One question the present studies suggest is the identification of the molecular receptor(s) within asthmatic airways that recognizes carbamylated proteins and triggers the pro-asthma-related phenotypes fostered. We previously suggested that one potential receptor involved in recognition of carbamylated low density lipoprotein is SR-A1 (43). Our studies with SR-A1^−/− mice revealed significant reduction in c-OVA-induced IL-13 expression, although on the whole, the majority of cytokines induced by c-OVA remained unchanged, as did changes in airway responsiveness and mucus production. Thus, our studies suggest an alternative receptor(s) also contributes to asthma-related phenotypes provoked by exposure to carbamylated proteins (Fig. 9). It is notable that multiple alternative receptors exist for interaction with carbamylated proteins. For example, it has recently been reported that HCit on apolipoprotein A1 of carbamylated high density lipoprotein confers recognition by scavenger receptor class B, type 1 (SRARB1), and macrophage foam cell formation (77). Yet additional recent studies have suggested that the class E scavenger receptor lectin-like oxidized low-density lipoprotein receptor-1 (LOX-1) in human vein endothelial cells can also recognize and bind carbamylated low density lipoprotein, leading to increased reactive oxygen species generation and increased cellular apoptosis (78). Carbamylated erythropoietin has been shown to be recognized not by the erythropoietin receptor, but by a heterodimer of the erythropoietin receptor and IL-3 receptor β (CD131), with carbamylated erythropoietin signaling through this heterodimeric receptor, providing protection from ischemia/reperfusion injury (79). Thus, many candidate receptors exist for recognition of various carbamylated proteins, and future studies are needed to identify the receptor(s) responsible for recognition of carbamylated proteins and the downstream immune modulatory and asthma-associated phenotypes induced within asthmatic airways.

Experimental Procedures

Materials and General Procedures

All chemicals, unless otherwise noted, were obtained from Sigma, and all solvents were HPLC grade. Stable isotope-labeled compounds were purchased from Cambridge Isotope Lab (Tewksbury, MA), unless otherwise stated.

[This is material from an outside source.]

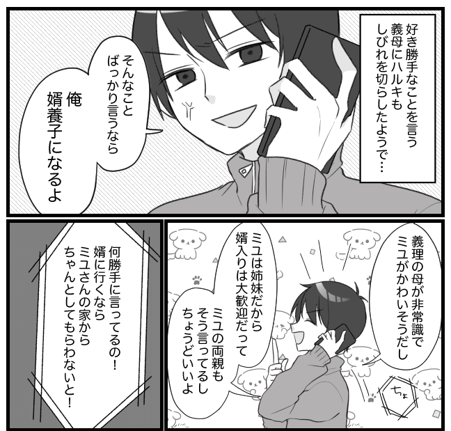 義母は電話で「こっちに戻ってらっしゃい!ケーキもあるのよ!?」とハルキに連絡。しかし、ハルキは「誕生日はミユに祝ってもらうからいい」「同居でミユには苦労かけたし、ゆっくりさせてあげたい」と返します。
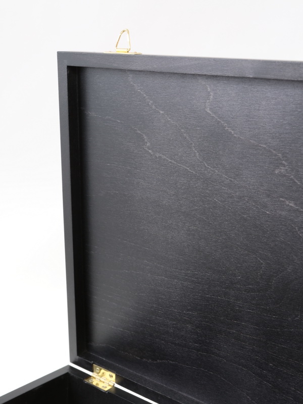 Затемненная поверхность бокса придает футляру выразительность и благородный внешний вид. Через покрытие слегка видна фактура и рисунок дерева.

Protein Carbamylation in Vitro

Reactions were carried out at 37 °C for 8 h in 50 mm sodium phosphate buffer (pH 7.0) supplemented with 1 mg of protein/ml of bovine albumin (BSA) or ovalbumin (OVA) wherever indicated. EPO (60 nm), thiocyanate, H₂O₂, and other components were added at different concentrations as indicated. Typical reactions used either the complete EPO system (60 nm EPO, 100 μm SCN⁻, 100 μm H₂O₂) or reagent OCN⁻ (100 μm, as the potassium salt) under the incubation conditions listed and reactions were terminated with 50 nm catalase, 40 μm butylated hydroxytoluene, and 100 μm diethylenetriaminepentaacetic acid and dialysis against PBS containing 100 μm diethylenetriaminepentaacetic acid as described (43). Where indicated, a glucose (Glc, 100 μg/ml)/glucose oxidase (Gox, 20 ng/ml) system was used to generate H₂O₂ (14).

Cell Culture

A549 human adenocarcinoma lung cells (ATCC CCL-185) were grown in Dulbecco's modified Eagle's media (DMEM) with 1 mg/ml of glucose and 10% fetal bovine serum (FBS) and NCI-H292 human mucoepidermal pulmonary carcinoma cells (ATCC CRL-1848) were grown in RPMI 1640 media supplemented with 1 mg/ml of glucose and 10% FBS. Human bronchial airway epithelial cells were isolated from the bronchus dissected from non-asthmatic lungs obtained at explantation using previously described methods (80–82). In brief, human bronchus was digested overnight at 4 °C in protease solution with antibiotic/antimycotic (Sigma). The epithelial side of the bronchus was scraped with a sterile glass slide to remove the remaining adherent cells. Cells were seeded on tissue culture plates precoated with coating medium containing 29 μg/ml of collagen (Vitrogen; Collagen, Palo Alto, CA), 10 μg/ml of BSA (Biofluids), and 10 μg/ml of fibronectin (Calbiochem, La Jolla, CA), in serum-free bronchial epithelial basal medium (Clontech) supplemented with 1% penicillin, streptomycin and fungizone.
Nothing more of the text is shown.